Aditya Paramananda
Glaucoma attacks people from young to old age. Generally, this disease can attack people who suffer from diabetes and hypertension. And also, hereditary factors can also be the main factor in developing glaucoma. Glaucoma is also a disease that cannot be cured at this time and has many factors. Therefore, researchers can classify glaucoma disease and find the accuracy value in classifying the disease. In classifying diseases, researchers use several variables to search based on the existing diagnosis. To know that this diagnosis can be classified, you need to use machine learning classification methods. Therefore, researchers used Naïve Bayes, Random Forest, and KNN methods to classify glaucoma. The results of this research are that the KNN method obtains the best results compared to others. The Naïve Bayes method obtained 50% and the Random Forest method obtained 50%. KNN obtained accuracy results of 55% with split data of 60% training and 40% testing.
1. Datasets
This dataset contains data on patients with glaucoma. This dataset contains 10,000 data records used for glaucoma disease detection. This dataset contains:
A. Patient ID
B. Age
C. Gender
D. Visual Acuity Measurements
E. Intraocular Pressure (IOP)
F. Cup-to-Disc Ratio (CDR)
G. Family History
H. Medical History
I. Medication Usage
J. Visual Field Test Results
K. Optical Coherence Tomography (OCT) Results
L. Pachymetry
M. Cataract Status
N. Angle Closure Status
O. Visual Symptoms
P. Diagnosis
Q. Glaucoma Type
2. Method
A. Dataset
The first step that researchers take is selecting a dataset to study. Researchers chose a dataset from Kaggle which contained glaucoma sufferers. This data contains a total of 10,000 data on patients suffering from glaucoma. The purpose of choosing this dataset is to be able to classify glaucoma disease based on the diagnostic variables in the data. Next, get into coding by starting to create a library.

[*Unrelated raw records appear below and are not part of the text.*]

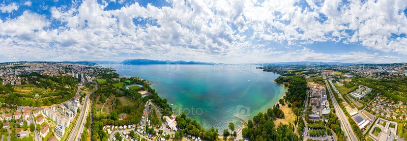 Лозанна, Швейцария. Набережная озера и панорама города летом. Вид с воздуха
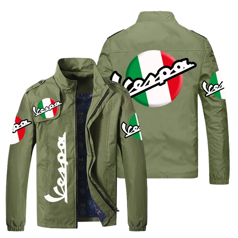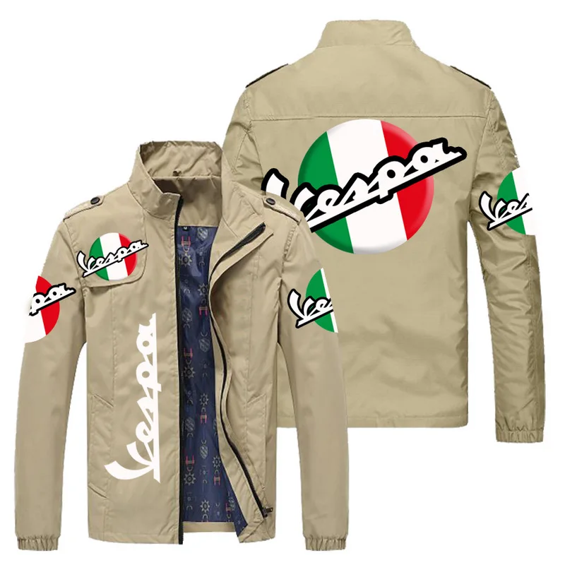 Новинка 2021, весенне-осенний мужской свитшот с логотипом Vespa, с воротником-стойкой, повседневный свитшот с длинным рукавом куртка-кардиган на молнии, 5 цветов
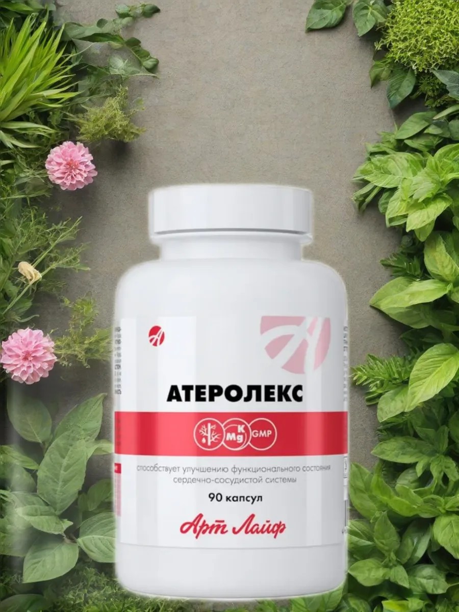 Aterolex improves the functional state of the cardiovascular system, reduces the severity of cholesterol metabolism disorders, blood viscosity, and improves microcirculation.
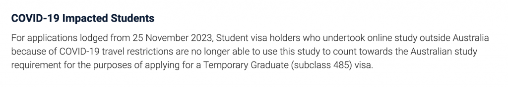 上面明确写道,从2023年11月25日起,对于新递交的485签证申请,因疫情限制而在境外完成网课的部分将不能再用于满足澳洲学习经历的要求!
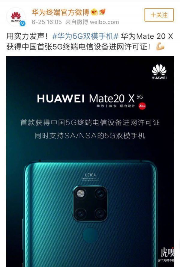 华为终端官方微博6月25日发布消息称,华为Mate 20 X获得中国首张5G终端电信设备进网许可证。
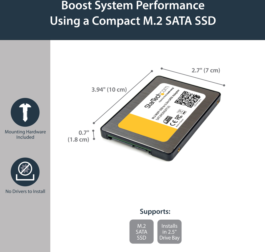 - Added protection for your SSD with enclosed housing - Maximize system performance by replacing you 2.5in SATA platter drive with an M.2 SSD - Broad compatibility with support for the most common M.2 NGFF SSD heights (2242, 2260, 2280) |
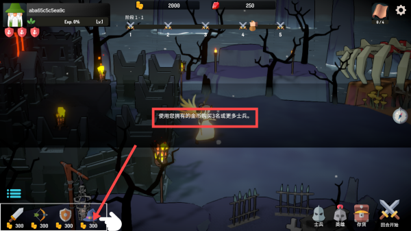 1、使用拥有的金币训练3名或更多士兵来增强战力。
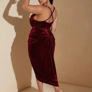 Burgundy Party Women's Plus Size Slit Maxi Velvet Spaghetti Strap Dress

B. Library for the classification of Glaucoma
The first step before getting to the data is to write the libraries used in the classification of Glaucoma disease. The library contains basic libraries for analysis such as pandas, numpy, seaborn, and matplotlib. Then it is also used for modelling and evaluation processes. The modelling process contains classification models such as Naïve Bayes, KNN, and Random Forest. The evaluation used is using accuracy values as evaluation in this research. The next step is to display the data.
C. Displaying Data
The third step is to display the Glaucoma disease dataset. Previously, researchers took data from Kaggle. Researchers downloaded the data in CSV file format. So by using .csv, researchers use the pandas library, namely read_csv(). Researchers obtained 10,000 data according to the description on Kaggle. Next is to drop the “patient ID” for privacy.
D. Drop Variable “Patient ID”
The fourth step is Remove "patient ID" from the data because "patient ID" is a form of privacy that must be kept confidential and is not really used in this research. By deleting this, the variables currently used are used for data analysis. Next is to display dataset info and dataset description.
E. Dataset Info and Dataset Description
The next step is to see in the picture above that each variable in the dataset has a different data type. The most common data type in this data is using objects or categories compared to numeric. So, from this information, before entering the model section, researchers need to change the categorical data to numerical data to be able to find correlation and accuracy values.
The data description contains numerical data which can be presented with mean, max, standard deviation, etc. The numerical data in the dataset are the variables Age, IOP, CDR, and Pachymetry. From this numerical data, the relationship with diagnosis will later be analysed. Next is to check for empty values in the dataset.
F. Check Missing Value and Clean Missing Value.
Missing values in this dataset total 1231 in the variable "Medication Usage". Therefore, the researcher made improvements by removing empty parts in the data with the function in Pandas, namely drop.na. By using drop.na, the dataset is free from missing values
G. Analysis Data
At this stage, researchers carried out several analyses that were used to classify glaucoma. Before entering into analysis of the data, Exploratory data analysis (EDA) was carried out at the initial stage such as dropping the Patient ID variable, and checking for missing values in the data. Now we explain the analysis of categorical data and numerical data in the dataset, then explain the correlation between variable relationships by changing categories to numerical. The first is to look at the data distribution in numerical data. Numerical data in this dataset include age, Cup-to-Disc Ratio (CDR), Intraocular Pressure (IOP), and Pachymetry. The following is a visualization of data distribution in numerical data.
Figures above are visualizations of data distribution in numerical data. Next is analysis of categorical data. Data categories in this dataset used for this research include gender, visual acuity measurements, family history, medical history, cataract status, angel closure status, and diagnosis. I chose this category of data because I wanted to see which factors could be used as benchmarks for a diagnosis of glaucoma. The following is a visualization of the category data in this dataset.
In this gender category, the number of males is 4406, and for females it is 4363 in data from patients suffering from glaucoma.
In the Visual Acuity Measurements category there were LogMAR 0.0 is 2235, LogMAR 0.1 is 2196, 20/20 is 2183, and 20/40 is 2155.
In this section, glaucoma is based on family history. In this category it consists of Yes is 4348, and No is 4421.
In this section, glaucoma is based on medical history. This category consists of None is 2218, Hypertension is 2186, Glaucoma in family is 2184, and Diabetes is 2181.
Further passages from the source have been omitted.